From: InfoSec News <isn () c4i org>
Date: Tue, 10 Jun 2003 00:22:32 -0500 (CDT)

Forwarded from: William Knowles <wk () c4i org>

http://www.smh.com.au/articles/2003/06/10/1055010959747.html

Washington
June 10 2003

The US government is warning financial institutions about a virus-like 
infection that has targeted computers at roughly 1200 banks worldwide, 
trying to steal corporate passwords. 

The FBI is investigating what private security experts believe to be 
the first internet attack aimed primarily at a single economic sector. 

Virus experts studying the blueprints for the latest threat to 
internet users were astonished to find inside the software code a list 
of roughly 1200 web addresses for many of the world's largest 
financial institutions, including JP Morgan Chase & Co, American 
Express Co, Wachovia Corp, Bank of America Corp and Citibank NA. 

The destructive infection, known as "BugBear.B," has spread to tens of 
thousands of consumer computers across the internet since last week, 
but investigators and industry experts said they were unaware if any 
financial institutions had been significantly affected. 

Industry executives told US Treasury Department officials and other 
banking regulators during a meeting in Washington yesterday that while 
they were concerned that the infection targeted them, they were 
unaffected because of tight corporate security. 

The infection "was hammering the outside servers but it was being 
rejected," said Suzanne Gorman, head of the Financial Services 
Information Sharing and Analysis Centre, a bank cybersecurity 
organisation that works with the US government. 

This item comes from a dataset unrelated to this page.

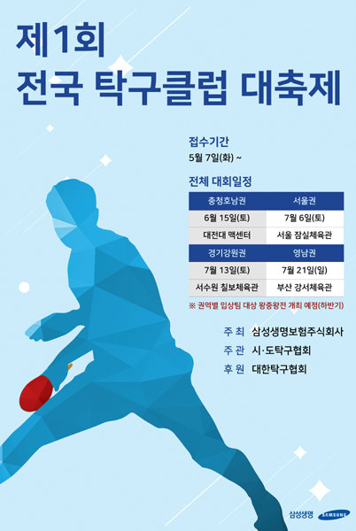 삼성생명이 탁구의 저변확대와 생활체육 활성화를 위해 ‘제1회 전국 탁구클럽 대축제’를 실시한다.
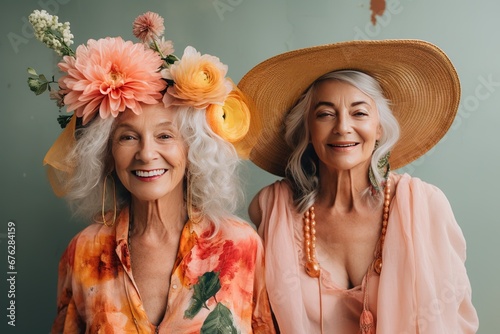 Two Positive elderly lady with incredible hairstyle. A close-up portrait of an elderly woman with a wreath of large bright flowers woven into her gray hair.

"People weren't reporting that it got through to their personal 
organisations." 

The analysis centre had distributed information from the Homeland 
Security Department to US banks using its highest-priority alert on 
Thursday, Gorman said. The discovery of the banking web addresses 
inside the software code "raised a lot of eyebrows," she said. 

FBI spokesman Bill Murray confirmed the agency was trying to trace the 
author of the attacking software. 

Experts said the BugBear software was programmed to determine whether 
a victim used an email address that belonged to any of the 1300 
financial institutions listed in its blueprints. 

If a match was made, it tried to steal passwords and other information 
that would make it easier for hackers to break into a bank's networks. 

The software transmitted stolen passwords to 10 email addresses, which 
also were included in the blueprints. But experts said that on the 
internet, where anyone can easily open a free email account using a 
false name, knowing those addresses might not lead detectives to the 
culprit. 

"Depending on how those email boxes are used, it could make 
investigating this a little easier," Murray said. 

"But it's not that easy. Those addresses may be blind boxes."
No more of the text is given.